Breast cancer patient Angela Lonergan has been using the services at Macarthur Cancer Therapy Centre for the past five years.
“Each and every staff member, from the doctors and nurses to the administration and cleaners go above and beyond for you during treatment,” Ms Lonergan, of Raby, said. “Which is saying a lot, because they are severely underfunded for the services they provide.”
Ms Lonergan said she has also experienced what it is like being a patient within the Sydney Local Health District network — receiving initial treatment at Concord Repatriation General Hospital.
“It is clear from the moment you walk through the door that Concord is much better funded than Macarthur or Westmead,” she said. “One example of increased funding at work is the fact that Concord Hospital has two dedicated Breast Care nurses, which are usually funded by the McGrath Foundation in other hospitals across Sydney. Extra services, such as psychological support, are provided in the Sydney Local Health District which allows further care co-ordination of patients undergoing treatment.”
She said the extra funds allocated means that “more people are offered increased support”.
Another breast cancer survivor, Stephanie Cairncross, was referred to Concord Hospital for surgery before taking up ongoing treatment at Nepean Hospital.
Mrs Cairncross said it was clear Sydney Local Health District Hospitals were better funded to support patients than other areas.
“I could see first hand that services provided at Concord are much better funded than Nepean,” Mrs Cairnscross told The Daily Telegraph.
”At Concord there was always someone there when you needed it, a specialist nurse would always be there to hold my hand and guide me through what was happening.” However, she said all nurses and doctors she encountered “try their hardest to support patients with what they are provided”.

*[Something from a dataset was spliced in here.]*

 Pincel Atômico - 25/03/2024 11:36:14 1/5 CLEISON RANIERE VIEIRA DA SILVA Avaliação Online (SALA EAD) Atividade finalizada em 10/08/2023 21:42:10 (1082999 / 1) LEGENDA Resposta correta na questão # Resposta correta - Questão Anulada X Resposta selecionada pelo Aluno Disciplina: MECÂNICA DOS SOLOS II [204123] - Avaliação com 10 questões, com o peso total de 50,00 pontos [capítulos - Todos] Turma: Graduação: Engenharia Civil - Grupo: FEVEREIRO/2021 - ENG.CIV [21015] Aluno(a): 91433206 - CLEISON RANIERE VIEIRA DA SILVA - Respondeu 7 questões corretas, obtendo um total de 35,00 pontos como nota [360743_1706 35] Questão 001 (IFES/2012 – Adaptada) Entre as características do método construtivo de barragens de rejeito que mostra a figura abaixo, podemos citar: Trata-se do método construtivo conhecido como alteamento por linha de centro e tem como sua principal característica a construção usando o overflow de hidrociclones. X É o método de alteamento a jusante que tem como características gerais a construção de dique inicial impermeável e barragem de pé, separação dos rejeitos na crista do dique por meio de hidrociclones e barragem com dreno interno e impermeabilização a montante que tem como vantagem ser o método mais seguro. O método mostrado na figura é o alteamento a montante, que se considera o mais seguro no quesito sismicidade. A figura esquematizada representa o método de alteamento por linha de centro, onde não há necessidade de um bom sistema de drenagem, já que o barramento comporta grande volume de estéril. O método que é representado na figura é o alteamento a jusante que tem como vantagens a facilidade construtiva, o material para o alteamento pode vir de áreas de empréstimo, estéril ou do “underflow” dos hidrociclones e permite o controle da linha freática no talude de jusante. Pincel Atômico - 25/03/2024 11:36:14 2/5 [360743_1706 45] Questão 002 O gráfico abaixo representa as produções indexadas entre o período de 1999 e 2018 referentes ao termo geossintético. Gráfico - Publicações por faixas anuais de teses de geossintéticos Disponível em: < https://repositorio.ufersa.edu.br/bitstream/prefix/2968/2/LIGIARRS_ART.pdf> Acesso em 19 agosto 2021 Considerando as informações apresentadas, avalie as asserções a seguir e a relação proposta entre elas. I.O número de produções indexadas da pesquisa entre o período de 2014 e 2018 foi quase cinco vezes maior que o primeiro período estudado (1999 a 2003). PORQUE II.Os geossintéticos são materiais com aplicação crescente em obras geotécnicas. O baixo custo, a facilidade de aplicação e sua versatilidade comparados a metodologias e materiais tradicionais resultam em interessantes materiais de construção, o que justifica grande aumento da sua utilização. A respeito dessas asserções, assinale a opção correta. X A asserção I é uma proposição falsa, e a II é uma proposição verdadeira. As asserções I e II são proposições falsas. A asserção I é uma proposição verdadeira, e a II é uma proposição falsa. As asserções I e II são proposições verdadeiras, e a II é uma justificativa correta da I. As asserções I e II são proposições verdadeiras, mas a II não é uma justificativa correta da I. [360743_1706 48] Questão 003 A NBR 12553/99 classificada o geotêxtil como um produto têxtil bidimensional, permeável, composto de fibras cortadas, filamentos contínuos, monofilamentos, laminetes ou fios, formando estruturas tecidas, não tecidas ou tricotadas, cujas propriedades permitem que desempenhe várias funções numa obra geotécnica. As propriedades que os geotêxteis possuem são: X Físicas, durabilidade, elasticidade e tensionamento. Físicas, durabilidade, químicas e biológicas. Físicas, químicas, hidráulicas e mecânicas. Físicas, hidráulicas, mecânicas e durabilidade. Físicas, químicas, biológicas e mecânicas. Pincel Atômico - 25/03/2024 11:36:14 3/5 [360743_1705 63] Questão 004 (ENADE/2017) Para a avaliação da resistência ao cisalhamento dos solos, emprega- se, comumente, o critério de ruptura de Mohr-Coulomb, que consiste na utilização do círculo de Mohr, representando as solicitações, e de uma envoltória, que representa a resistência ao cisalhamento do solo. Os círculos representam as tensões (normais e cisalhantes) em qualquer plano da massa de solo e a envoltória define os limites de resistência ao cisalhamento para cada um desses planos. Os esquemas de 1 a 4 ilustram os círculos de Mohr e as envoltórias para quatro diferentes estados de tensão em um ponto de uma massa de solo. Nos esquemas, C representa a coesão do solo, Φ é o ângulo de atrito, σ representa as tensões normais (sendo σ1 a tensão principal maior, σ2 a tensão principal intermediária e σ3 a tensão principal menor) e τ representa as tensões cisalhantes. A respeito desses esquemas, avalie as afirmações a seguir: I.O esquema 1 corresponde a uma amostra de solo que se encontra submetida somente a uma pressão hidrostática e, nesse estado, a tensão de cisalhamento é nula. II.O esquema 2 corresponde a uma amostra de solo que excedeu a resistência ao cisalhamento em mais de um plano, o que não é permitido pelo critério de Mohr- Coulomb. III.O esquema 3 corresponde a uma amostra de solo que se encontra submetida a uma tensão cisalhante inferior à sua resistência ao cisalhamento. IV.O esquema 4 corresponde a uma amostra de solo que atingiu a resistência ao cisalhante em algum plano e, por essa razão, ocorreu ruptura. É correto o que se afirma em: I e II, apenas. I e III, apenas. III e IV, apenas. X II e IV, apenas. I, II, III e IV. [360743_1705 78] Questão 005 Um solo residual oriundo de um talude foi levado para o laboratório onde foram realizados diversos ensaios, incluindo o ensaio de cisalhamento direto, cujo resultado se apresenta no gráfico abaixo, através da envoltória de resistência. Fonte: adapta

A NSW Health spokeswoman said many patients across greater Sydney are “treated in adjoining LHDs”.
She said the Sydney LHD treated a larger proportion of patients from outside the area “due to the highly specialised, low volume nature of some services (it) provided.”
“NSW Health utilises activity based funding (ABF) for the allocation of budgets to local health districts and speciality care networks,” she said. “ABF is determined on a ‘provider’ basis — the facility where the activity is actually undertaken — and not on a population or ‘per capita’ basis. Funding is allocated to hospitals based on the patients they treat within the actual hospital/health care facility and not based on how many residents live near them.”
Labor MP and Shadow Western Sydney spokesman Greg Warren said staff numbers at Campbelltown Hospital were “far from adequate”. “It is a matter of life and death,” he said.